Quantitative multi-metabolite imaging of Parkinson's disease using AI boosted molecular MRI

TL;DR

This study introduces a rapid, AI-enhanced molecular MRI method for quantitatively imaging multiple metabolites in Parkinson's disease, providing specific biomarkers that align with histological and spectroscopic data.

Contribution

It combines fast MRI acquisition with deep learning reconstruction to enable multi-metabolite quantification in vivo, advancing PD molecular imaging.

Findings

Quantitative maps agree with histology and MR spectroscopy.

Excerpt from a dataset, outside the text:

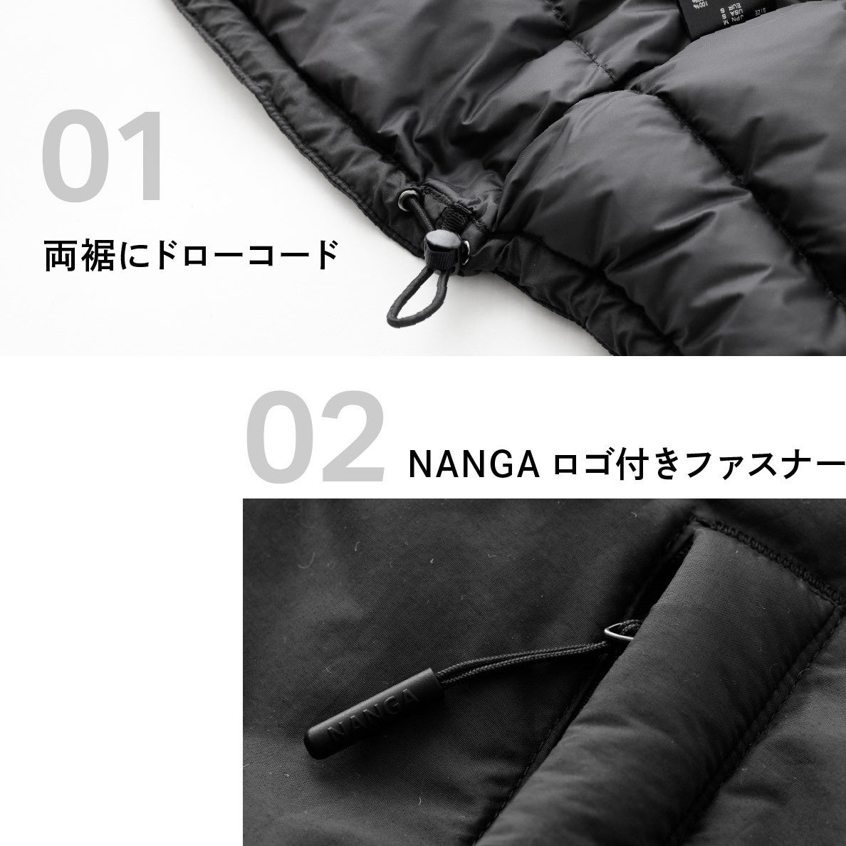 NANGAは、限りある資源であるダウンをメーカー問わず回収し、国内最高峰の羽毛加工メーカー「河田フェザー」で洗浄、精製したリサイクルダウンを積極的に使用しています。インナーダウンベストは中綿にこのリサイクルダウンを使用したエコフレンドリーなモデルです。リサイクルダウンは電子顕微鏡レベルで見ても一般の新毛より清潔で、さらに高品質の700フィルパワーで快適な保温性を確保します。
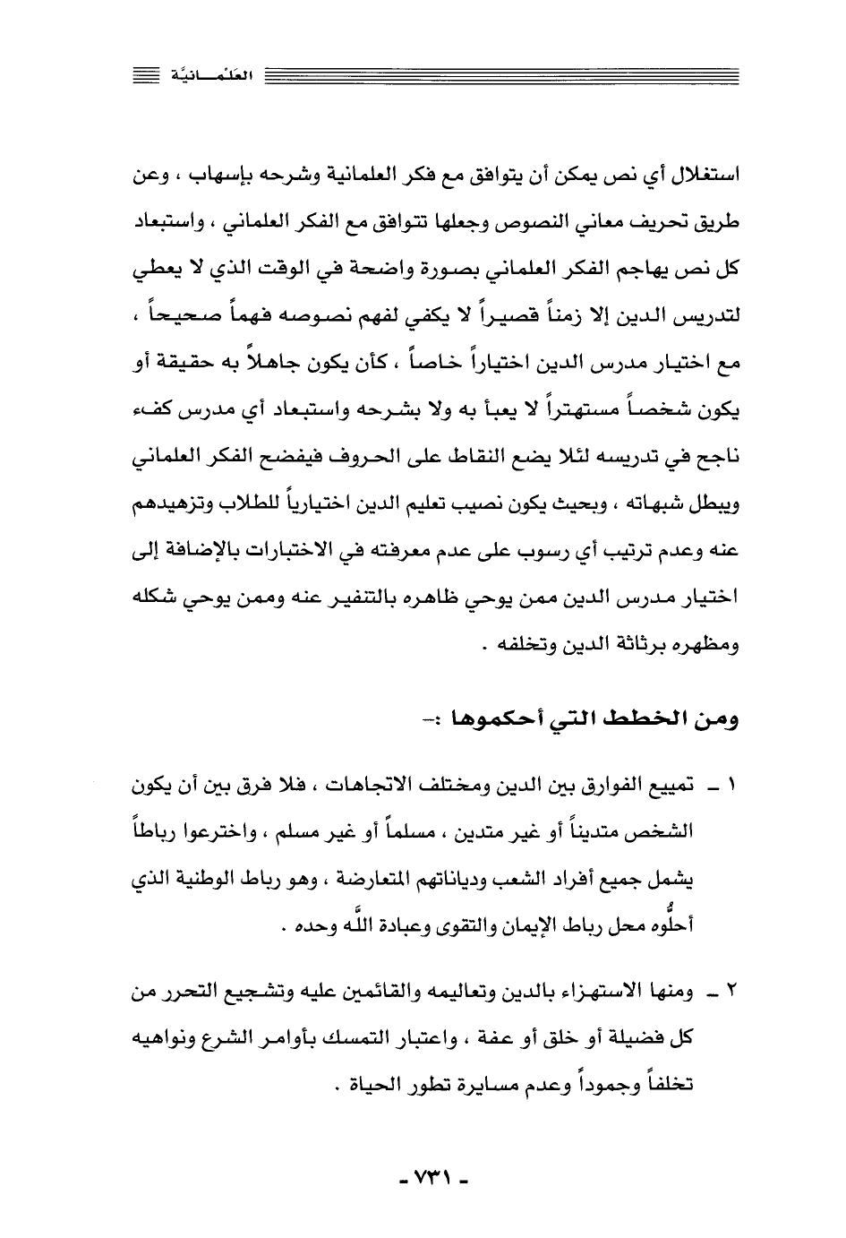 2- ومنها الاستهزاء بالدين وتعاليمه والقائمين عليه, وتشجيع التحرر من كل فضيلة أو خلق أو عفة، واعتبار التمسُّك بأوامر الشرع ونواهيه تخلفًا وجمودًا, وعدم مسايرة تطور الحياة.

Semisolid MT, amide, and aliphatic rNOE proton fractions are potential PD biomarkers.

Method enables rapid, specific, multi-metabolite imaging in a mouse model.

Abstract

Traditional approaches for molecular imaging of Parkinson's disease (PD) in vivo require radioactive isotopes, lengthy scan times, or deliver only low spatial resolution. Recent advances in saturation transfer-based PD magnetic resonance imaging (MRI) have provided biochemical insights, although the image contrast is semi-quantitative and nonspecific. Here, we combined a rapid molecular MRI acquisition paradigm with deep learning based reconstruction for multi-metabolite quantification of glutamate, mobile proteins, semisolid, and mobile macromolecules in an acute MPTP (1-methyl-4-phenyl-1,2,3,6-tetrahydropyridine) mouse model. The quantitative parameter maps are in general agreement with the histology and MR spectroscopy, and demonstrate that semisolid magnetization transfer (MT), amide, and aliphatic relayed nuclear Overhauser effect (rNOE) proton volume fractions may serve as PD biomarkers.